■ **What is being asked**
Begin your copy at the line that holds "Fit Men's 3-Button" and carry it through the final line of the data, writing out each line exactly and omitting pictures.

■ **The data**
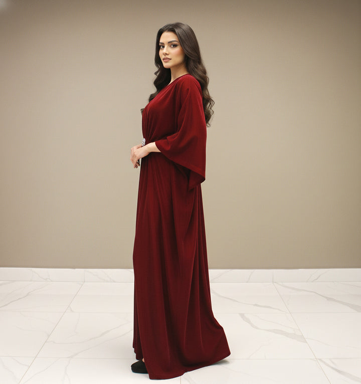 Blending regal charm with winter warmth, VELORIA embodies the essence of timeless sophistication. Each kaftan crafted from premium imported velvet - flows with graceful ease, offering an elegant silhouette that combines modern refinement with traditional modesty. The smooth velvet texture, radiant sheen, and crystal-embellished brooches bring understated glamour to every movement.
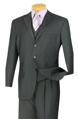 "Classic Fit Men's 3-Button Vested Suit in Charcoal Grey"
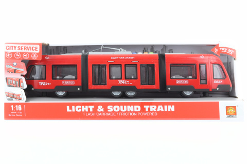 Plastová tramvaj na baterie. Tramvaj vydává zvuky a svítí. Rozměry cca 44,5 x 5,8 x 12 cm. Napájení na 3 AG13 baterie (jsou součástí). Rozměry balení cca 48 x 11 x 16,5 cm. Věk 3+ prečítať celé

■ **Output of the task**
 "Classic Fit Men's 3-Button Vested Suit in Charcoal Grey"
 Plastová tramvaj na baterie. Tramvaj vydává zvuky a svítí. Rozměry cca 44,5 x 5,8 x 12 cm. Napájení na 3 AG13 baterie (jsou součástí). Rozměry balení cca 48 x 11 x 16,5 cm. Věk 3+ prečítať celé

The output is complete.